Estimation of fruit locations in orchard tree canopies using radio signal ranging and trilateration

Abstract

The development of novel robotic harvesters could benefit significantly from a model-based design approach, in which harvesting performance metrics—such as fruit reachability and average pick-andplace cycle—are calculated via simulation, and are used to guide mechanical design. The actual spatial distributions of fruits on orchard trees are necessary for such an approach. Reported methods for measuring the locations of all fruits require several minutes per fruit, and, consequently, have been used only for very small numbers of trees. The novel method presented utilizes high-frequency radio signals and trilateration to measure the locations of all fruits in canopies, at speeds that are significantly higher than those of existing methods. More specifically, a fruit picker wears gloves on which an antenna has been attached. A mobile trailer carries four radio beacons that measure and log their distances from the antenna on each glove, every time a fruit is grasped to be picked. The coordinates of each glove are computed with respect to a coordinate frame attached to the trailer, and the fruit position is approximated by these coordinates. Data from an RTK-GPS and an inclinometer on the trailer are used to compute georeferenced fruit coordinates. Data were collected for 32,193 fruits in eight California pear and cling peach orchards. The measurement rate varied from approximately 8–12 fruits per minute, with an average of 10.8, which is a magnitude faster than existing reported methods. In open space, the root mean square error between the estimated and true distance (DRMS) in the system’s measurement volume was measured to be 10.3 cm. The error’s 90th percentile (R90) was 13.1 cm. In the periphery of and inside canopies, these errors were calculated via Monte Carlo simulation to be equal to 15.7 cm and 24.9 cm respectively.

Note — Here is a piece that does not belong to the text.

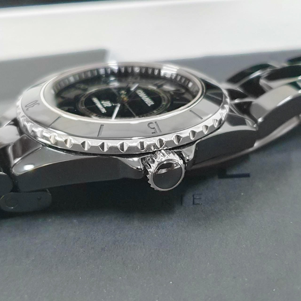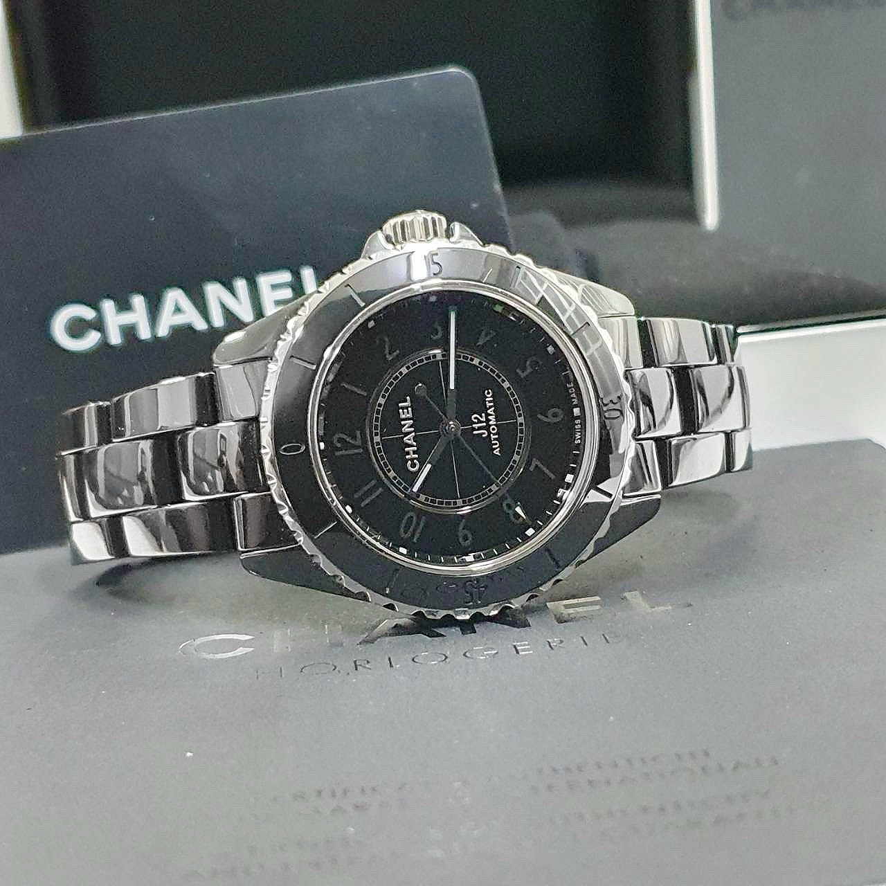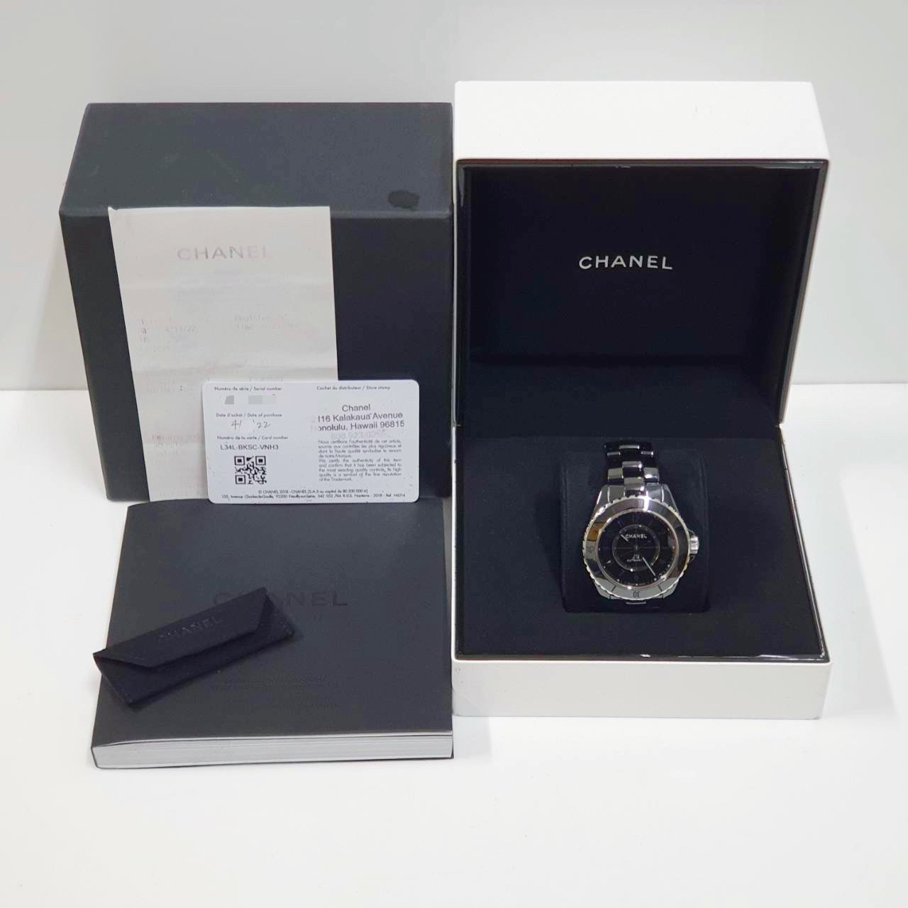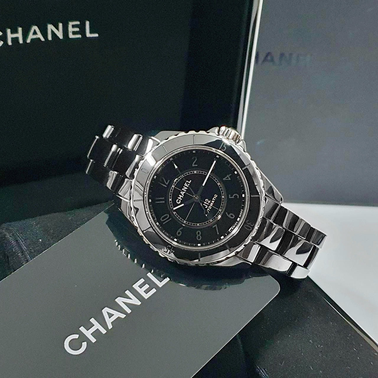 CHANEL香奈兒 J12系列 H6185 黑陶瓷 黑色數字面盤 2022/04 底蓋裸空 摺疊扣 錶徑38mm 自動上鍊 黑陶瓷材質 防水200米 原廠盒單齊全

The horizontal accuracies (across and along the row), and the vertical accuracy were 9.6 cm, 4.3 cm and 5.7 cm respectively. The corresponding worst-case relative accuracies were 2.7%, 1.6%, and 3.4%, and were calculated by dividing each accuracy component by the distance between the fruits that were as far away as possible from each other along the corresponding axis. Finally, fruit position statistics, such as fruit elevation and horizontal distance from the row centers were computed and reported for a set of pear trees. Such data can be very useful for growers and for model-based design of harvesting machinery.